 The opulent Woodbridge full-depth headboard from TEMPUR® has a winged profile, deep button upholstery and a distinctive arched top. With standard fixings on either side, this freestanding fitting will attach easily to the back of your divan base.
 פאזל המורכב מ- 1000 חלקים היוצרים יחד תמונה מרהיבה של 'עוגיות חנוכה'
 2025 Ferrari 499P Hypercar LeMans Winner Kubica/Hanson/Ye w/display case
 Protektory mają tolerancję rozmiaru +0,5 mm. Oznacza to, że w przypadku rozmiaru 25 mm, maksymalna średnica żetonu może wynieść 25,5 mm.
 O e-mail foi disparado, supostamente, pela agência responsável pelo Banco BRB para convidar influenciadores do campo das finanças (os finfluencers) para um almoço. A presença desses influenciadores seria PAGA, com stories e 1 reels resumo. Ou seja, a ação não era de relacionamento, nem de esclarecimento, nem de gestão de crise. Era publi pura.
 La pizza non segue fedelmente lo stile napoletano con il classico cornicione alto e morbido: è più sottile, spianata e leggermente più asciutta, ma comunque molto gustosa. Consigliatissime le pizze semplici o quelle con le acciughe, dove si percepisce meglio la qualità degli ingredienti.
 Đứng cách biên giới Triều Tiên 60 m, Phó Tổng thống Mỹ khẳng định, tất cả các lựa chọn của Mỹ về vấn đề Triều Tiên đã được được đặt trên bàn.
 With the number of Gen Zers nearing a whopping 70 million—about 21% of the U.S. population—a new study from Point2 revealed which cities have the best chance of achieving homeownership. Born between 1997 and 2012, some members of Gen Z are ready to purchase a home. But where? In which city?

____________

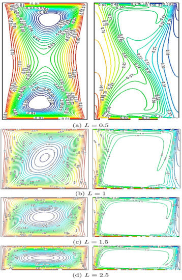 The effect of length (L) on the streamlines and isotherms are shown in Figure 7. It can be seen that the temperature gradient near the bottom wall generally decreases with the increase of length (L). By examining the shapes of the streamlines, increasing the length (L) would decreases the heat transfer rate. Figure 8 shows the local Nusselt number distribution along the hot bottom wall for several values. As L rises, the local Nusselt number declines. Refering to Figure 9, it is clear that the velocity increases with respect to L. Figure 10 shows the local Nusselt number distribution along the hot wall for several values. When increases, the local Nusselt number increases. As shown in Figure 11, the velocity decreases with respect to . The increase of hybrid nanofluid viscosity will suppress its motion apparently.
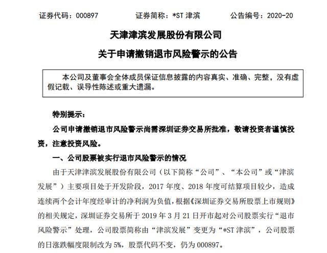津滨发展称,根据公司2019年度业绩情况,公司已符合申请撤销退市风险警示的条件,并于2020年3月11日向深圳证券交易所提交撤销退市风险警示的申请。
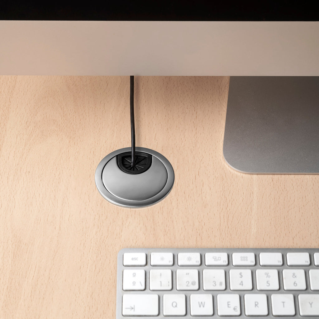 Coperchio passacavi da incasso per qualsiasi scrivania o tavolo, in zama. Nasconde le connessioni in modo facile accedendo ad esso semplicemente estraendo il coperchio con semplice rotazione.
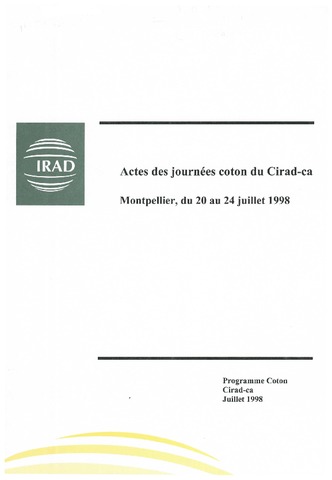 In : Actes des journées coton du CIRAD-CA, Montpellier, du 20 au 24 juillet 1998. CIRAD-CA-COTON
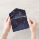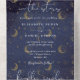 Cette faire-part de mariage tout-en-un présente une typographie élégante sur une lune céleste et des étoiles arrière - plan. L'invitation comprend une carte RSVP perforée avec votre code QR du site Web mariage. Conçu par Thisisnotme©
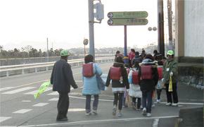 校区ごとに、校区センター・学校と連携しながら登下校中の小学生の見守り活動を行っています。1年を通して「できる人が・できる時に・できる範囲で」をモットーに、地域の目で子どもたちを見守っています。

____________

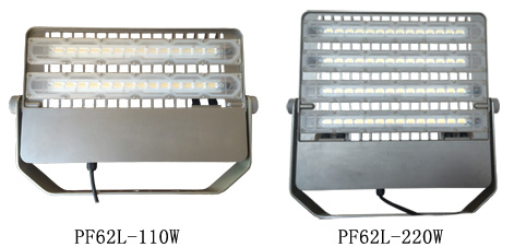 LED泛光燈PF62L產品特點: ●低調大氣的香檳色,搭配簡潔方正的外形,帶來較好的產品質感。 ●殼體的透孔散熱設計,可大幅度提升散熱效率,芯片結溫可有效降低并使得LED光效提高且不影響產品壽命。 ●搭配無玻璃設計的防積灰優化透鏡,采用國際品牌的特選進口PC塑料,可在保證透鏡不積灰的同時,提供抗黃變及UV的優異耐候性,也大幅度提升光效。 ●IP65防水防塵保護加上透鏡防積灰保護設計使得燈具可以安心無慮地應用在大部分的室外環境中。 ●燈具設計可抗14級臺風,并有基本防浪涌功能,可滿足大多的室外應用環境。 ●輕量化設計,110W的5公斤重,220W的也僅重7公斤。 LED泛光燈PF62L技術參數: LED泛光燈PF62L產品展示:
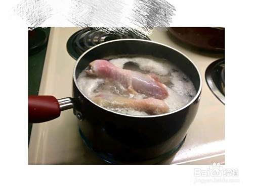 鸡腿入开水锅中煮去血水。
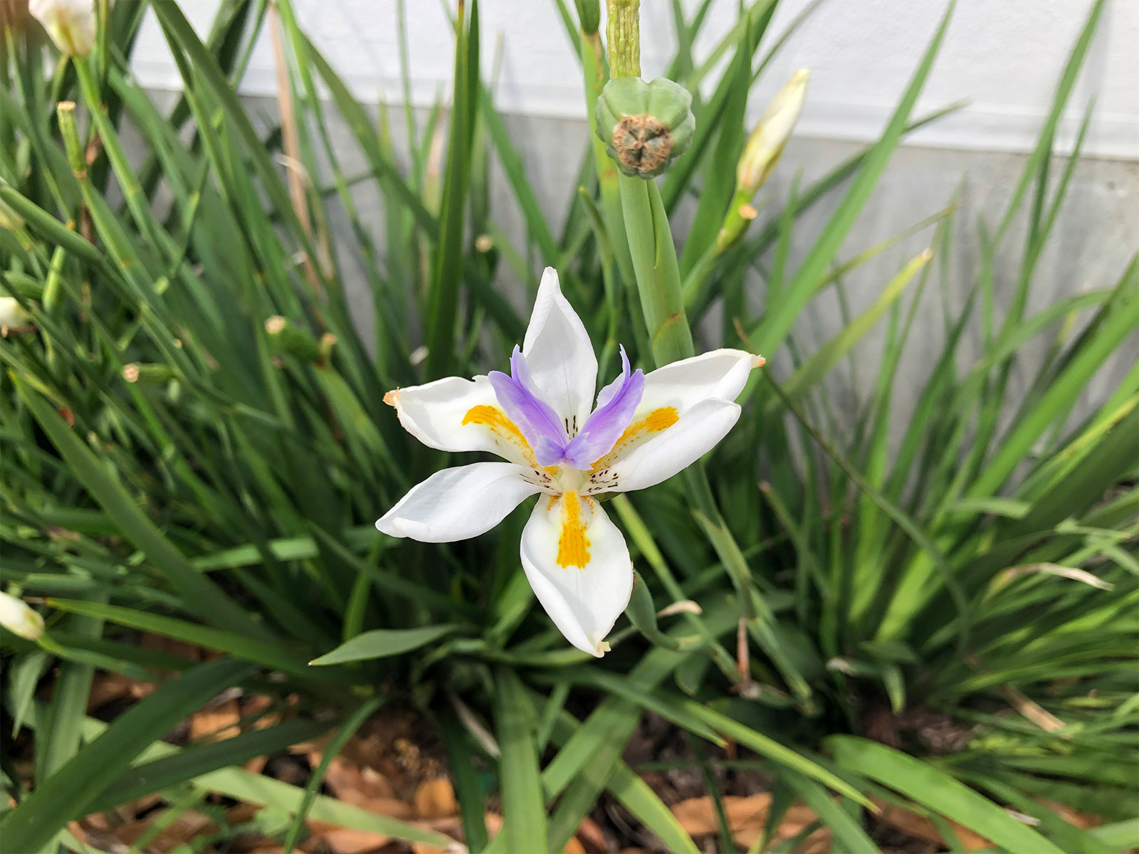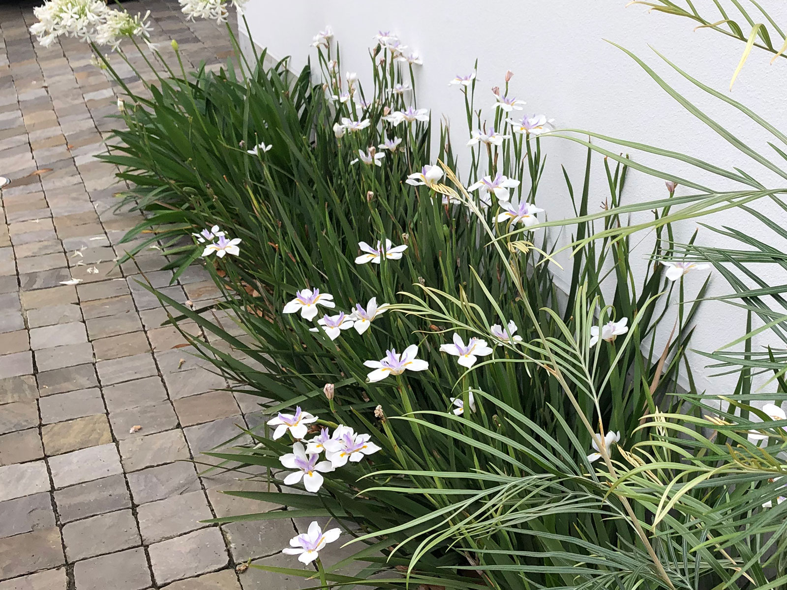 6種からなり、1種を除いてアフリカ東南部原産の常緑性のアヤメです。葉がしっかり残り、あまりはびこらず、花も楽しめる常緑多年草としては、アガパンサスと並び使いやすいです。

____________

# [Prompt]
Please return each line of the data above in which the word "from" occurs.

# [Solved exercise]
 The opulent Woodbridge full-depth headboard from TEMPUR® has a winged profile, deep button upholstery and a distinctive arched top. With standard fixings on either side, this freestanding fitting will attach easily to the back of your divan base.
 With the number of Gen Zers nearing a whopping 70 million—about 21% of the U.S. population—a new study from Point2 revealed which cities have the best chance of achieving homeownership. Born between 1997 and 2012, some members of Gen Z are ready to purchase a home. But where? In which city?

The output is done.